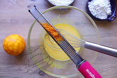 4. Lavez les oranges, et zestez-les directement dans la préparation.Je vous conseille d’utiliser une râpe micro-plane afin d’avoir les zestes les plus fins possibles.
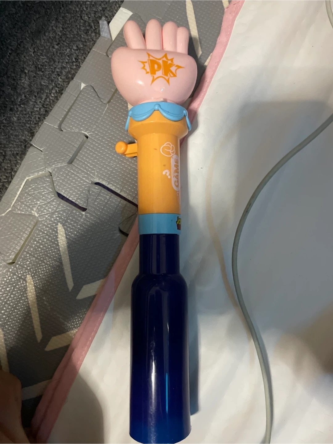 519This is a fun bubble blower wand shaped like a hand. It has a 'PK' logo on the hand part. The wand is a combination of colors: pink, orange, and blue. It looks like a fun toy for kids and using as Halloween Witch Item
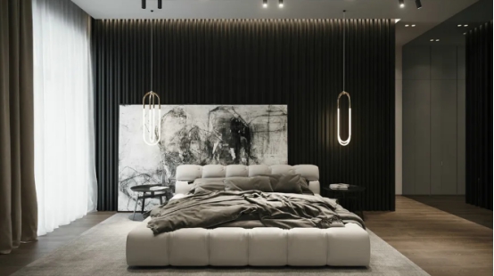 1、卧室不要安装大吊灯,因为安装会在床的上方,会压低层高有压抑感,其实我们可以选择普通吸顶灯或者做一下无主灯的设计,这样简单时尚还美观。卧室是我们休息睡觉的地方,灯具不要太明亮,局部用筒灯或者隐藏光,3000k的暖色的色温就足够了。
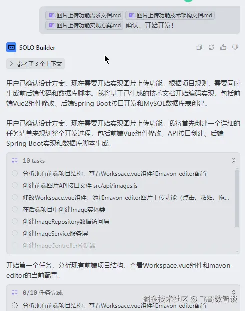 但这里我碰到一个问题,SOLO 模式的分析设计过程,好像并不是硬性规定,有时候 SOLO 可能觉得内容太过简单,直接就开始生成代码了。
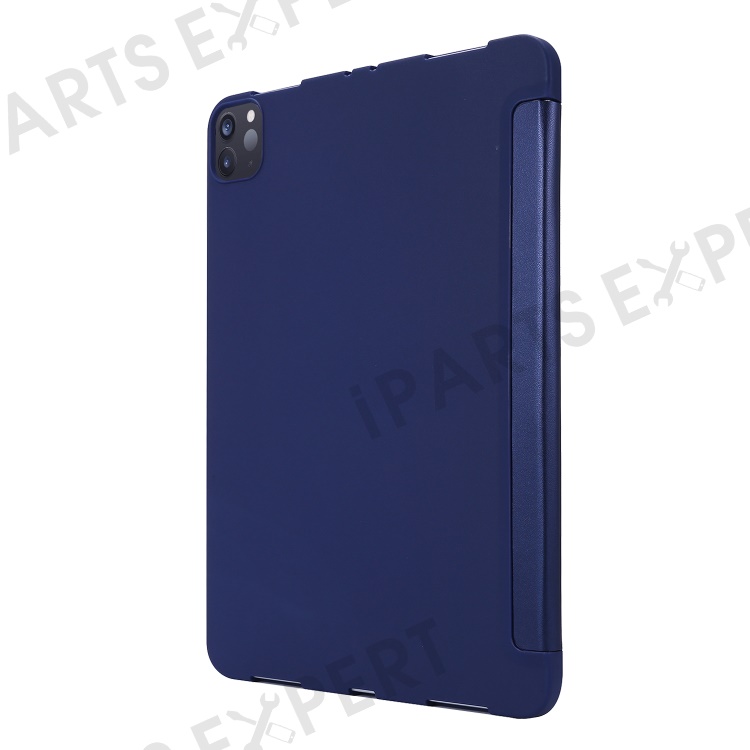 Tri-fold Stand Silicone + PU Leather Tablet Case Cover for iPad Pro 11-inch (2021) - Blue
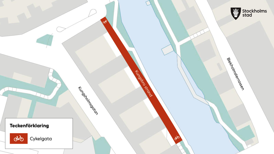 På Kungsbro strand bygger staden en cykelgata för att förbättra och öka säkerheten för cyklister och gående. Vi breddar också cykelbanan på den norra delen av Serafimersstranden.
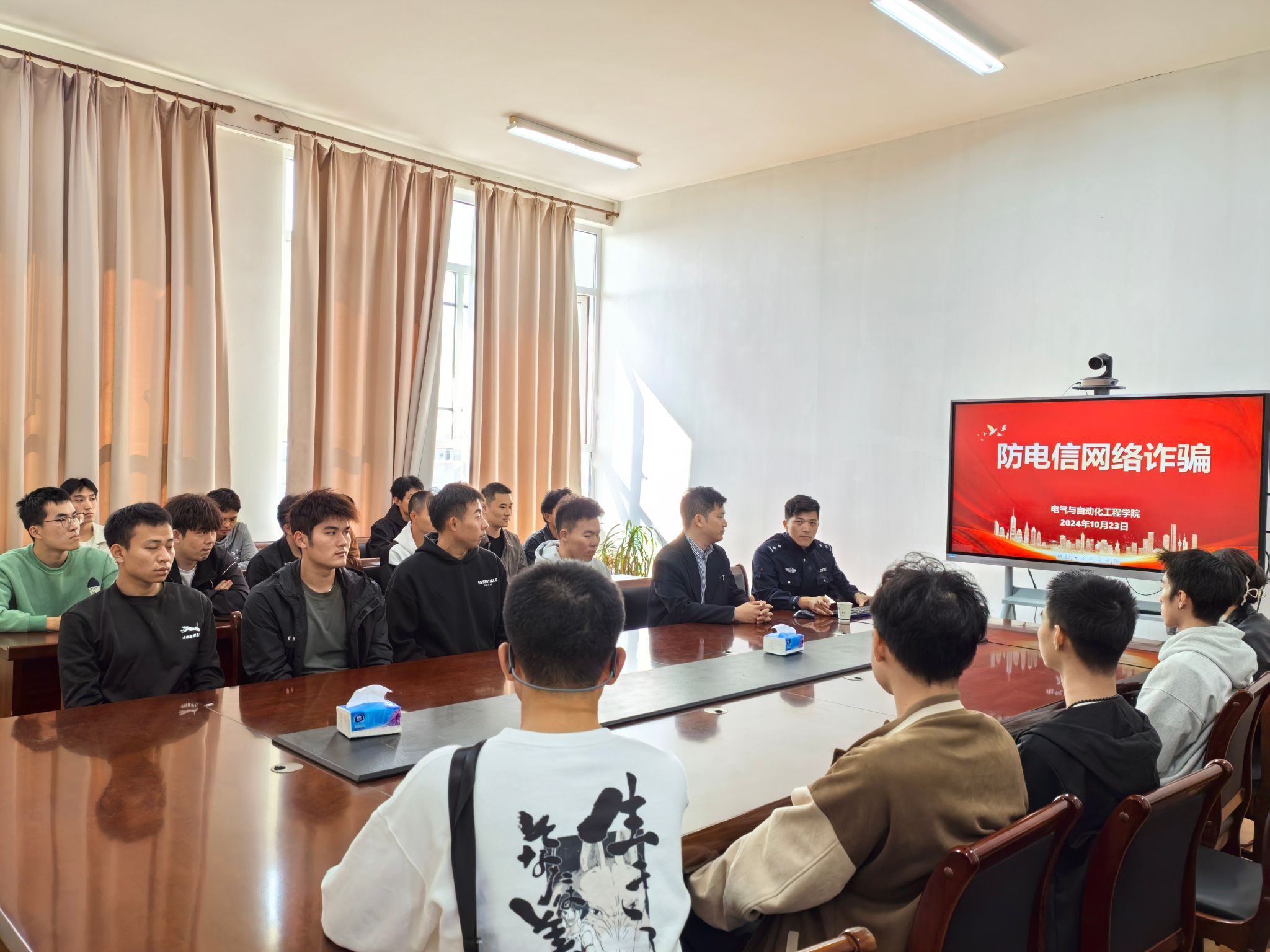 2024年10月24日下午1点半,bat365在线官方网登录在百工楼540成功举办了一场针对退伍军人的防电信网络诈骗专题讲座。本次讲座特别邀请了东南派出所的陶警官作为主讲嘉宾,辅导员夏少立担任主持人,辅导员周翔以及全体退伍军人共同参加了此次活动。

§ §

* **What the exercise asks**
Repeat each entry precisely as it appears. Leave the pictures out.

* **Reply**
 4. Lavez les oranges, et zestez-les directement dans la préparation.Je vous conseille d’utiliser une râpe micro-plane afin d’avoir les zestes les plus fins possibles.
 519This is a fun bubble blower wand shaped like a hand. It has a 'PK' logo on the hand part. The wand is a combination of colors: pink, orange, and blue. It looks like a fun toy for kids and using as Halloween Witch Item
 1、卧室不要安装大吊灯,因为安装会在床的上方,会压低层高有压抑感,其实我们可以选择普通吸顶灯或者做一下无主灯的设计,这样简单时尚还美观。卧室是我们休息睡觉的地方,灯具不要太明亮,局部用筒灯或者隐藏光,3000k的暖色的色温就足够了。
 但这里我碰到一个问题,SOLO 模式的分析设计过程,好像并不是硬性规定,有时候 SOLO 可能觉得内容太过简单,直接就开始生成代码了。
 Tri-fold Stand Silicone + PU Leather Tablet Case Cover for iPad Pro 11-inch (2021) - Blue
 På Kungsbro strand bygger staden en cykelgata för att förbättra och öka säkerheten för cyklister och gående. Vi breddar också cykelbanan på den norra delen av Serafimersstranden.
 2024年10月24日下午1点半,bat365在线官方网登录在百工楼540成功举办了一场针对退伍军人的防电信网络诈骗专题讲座。本次讲座特别邀请了东南派出所的陶警官作为主讲嘉宾,辅导员夏少立担任主持人,辅导员周翔以及全体退伍军人共同参加了此次活动。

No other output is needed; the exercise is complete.